The packaged Sharma_2018_SHetA2_human model has IV disposition only. A 10 mg/kg IV bolus in an 85-kg subject (Sharma 2018 Discussion’s escalation target) gives the disposition-only PK profile below; the paper’s Figure 6 used a GastroPlus 9.5 ACAT-coupled simulation of the PO route, which is not reproducible here.

human_iv <- run_typical("Sharma_2018_SHetA2_human", 10, 85, "IV",
                        id_offset = 30L, tmax_h = 72, dt_h = 0.1)

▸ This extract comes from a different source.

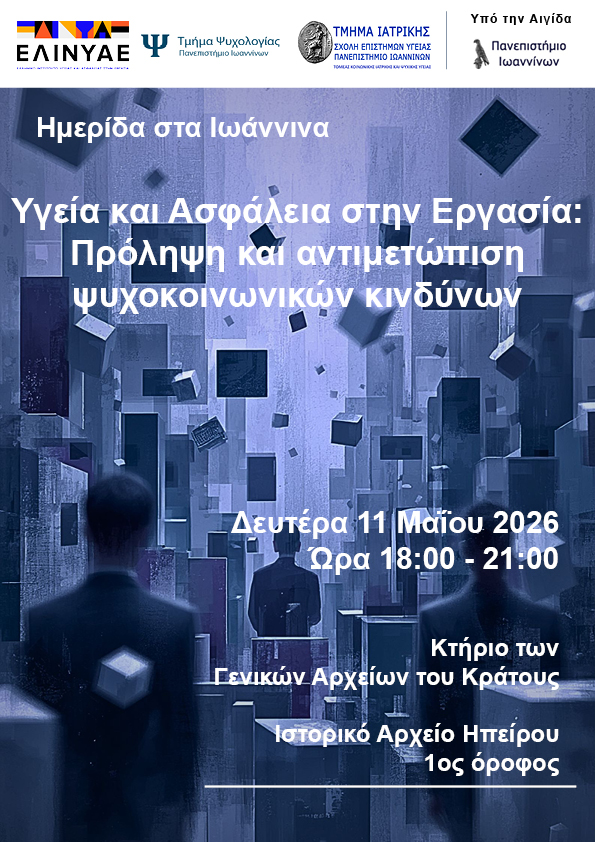 Το ΕΛ.ΙΝ.Υ.Α.Ε. σε συνεργασία με το Τμήμα Ψυχολογίας και το Τμήμα Ιατρικής του Πανεπιστημίου Ιωαννίνων διοργανώνουν εκδήλωση με θέμα "Υγεία και Ασφάλεια στην Εργασία: πρόληψη και αντιμετώπιση ψυχοκοινωνικών κινδύνων".

#> Warning: No omega parameters in the model
ggplot(human_iv, aes(time, Cc)) +
  geom_line() +
  scale_y_log10() +
  labs(x = "Time (h)", y = "SHetA2 plasma concentration (ng/mL)",
       title = "Allometric human projection -- 10 mg/kg IV in 85-kg subject",
       caption = "Disposition-only equivalent of Sharma 2018 Fig 6 (paper used GastroPlus ACAT for the oral route).")

Assumptions and deviations

  • Dose-dependent bioavailability F (mouse, rat, dog). The paper estimated F separately at each oral dose level: mouse 17.7% / 19.5% at 20 / 60 mg/kg, rat 1.03% / 1.57% / 0.560% at 100 / 500 / 2000 mg/kg, dog 11.2% / 3.45% / 1.11% at 100 / 400 / 1500 mg/kg. The packaged .R files encode a single “typical” F per species (mouse 18.6%, the Fig. 4 caption summary; rat 1.03%, the 100 mg/kg value as closest to the unsaturated regime; dog 11.2%, the new NOAEL dose) for downstream simulation. Users who need an exact-dose simulation should edit lfdepot (and for dog, also lka, lka2, lktr) to match the desired dose row in Table 3.

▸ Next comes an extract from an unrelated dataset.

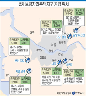 국토해양부는 서울 도심에서 15~21㎞에 입지하고 보존가치가 낮은 개발제한구역 서울 내곡 등 6곳(889만7천㎡)을 선정, 2차 보금자리주택 지구계획을 추진한다고 19일 밝혔다.

  • Dog dose-dependent absorption parameters. Beyond F, the paper estimated kA, kA2, and kAT separately for each oral dose. The packaged Sharma_2018_SHetA2_dog model encodes only the 100 mg/kg set. The 400 mg/kg set is (F=3.45%, kA=1.12, kA2=0.105, kAT=1.11); the 1500 mg/kg set is (F=1.11%, kA=0.411, kA2=0.0898, kAT=1.25). The CV% on dog kA2 at 100 mg/kg is reported as 281% (Sharma 2018 Table 3), which already signals poor identifiability of the late-absorption arm at this dose.
  • Rat compartmental fit at 100 mg/kg. The paper used a single kA = 0.0755 1/h across all three rat oral doses, which is dominated by the higher-dose flip-flop kinetics and underestimates the observed early Cmax at 100 mg/kg (paper Table 2: 55 ng/mL at Tmax 2 h vs. fitted ~18 ng/mL at Tmax ~3.4 h). This is a property of the paper’s fit, not a translation defect.

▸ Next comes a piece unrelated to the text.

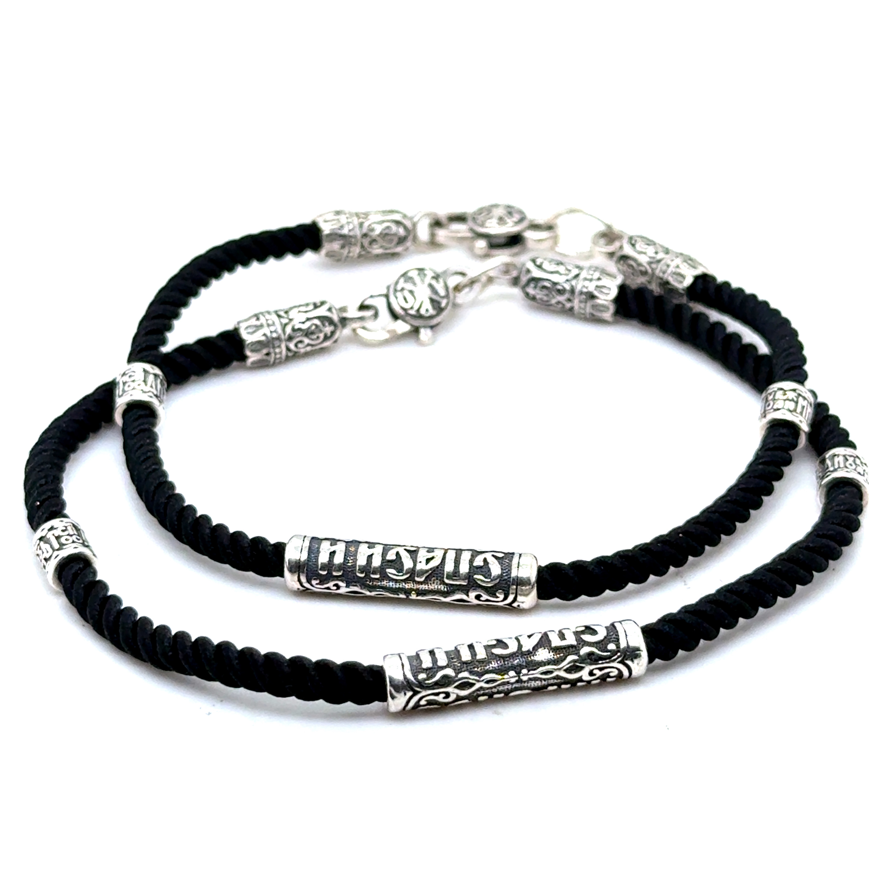 Гривна от „Jacklin hugasian“ в сребро с оксидация и копринен конец .

  • No IIV or fitted residual error. The paper used Phoenix WinNonlin with naive-pooled least squares and 1/y^2 weighting; neither IIV nor the residual-error magnitude is reported. The packaged models have no eta parameters and use a fixed placeholder propSd = 0.10 (10% CV proportional) so that downstream rxSolve / PKNCA simulation works. Users who want a deterministic typical-value profile should call rxode2::zeroRe() (the run_typical() helper above does this).
  • Human absorption is unmodelled. The paper’s human oral simulation used GastroPlus 9.5 ACAT (a physiologically-based gut model not reproducible inside nlmixr2lib). The packaged Sharma_2018_SHetA2_human model contains the IV disposition only – CL = 17.3 L/h (MLP-corrected allometry), V1 = 36.2 L, V2 = 68.5 L, CLD = 15.2 L/h. Users who want an oral profile should run GastroPlus externally or substitute a paper-anchored proxy kA (e.g. 0.539 1/h, the mouse value used by the GastroPlus-predicted bioavailability of 18.8% in Figure 6).
  • Body weight is not a model covariate. All species-specific disposition values are reported as absolute (L, L/h) at the typical body weight of the studied animals (mouse 0.024 kg, rat 0.30 kg, dog ~7 kg, human 70 kg). To use the model at a different body weight the user should apply allometric scaling externally; the paper’s fitted exponents come from Fig. 5 (R^2 = 0.91-0.99 across CL / V1 / V2 / CLD).
  • Errata. A search of the PLOS ONE landing page and a PubMed search for “Sharma 2018 SHetA2 erratum” on the task-execution date returned no errata or corrections.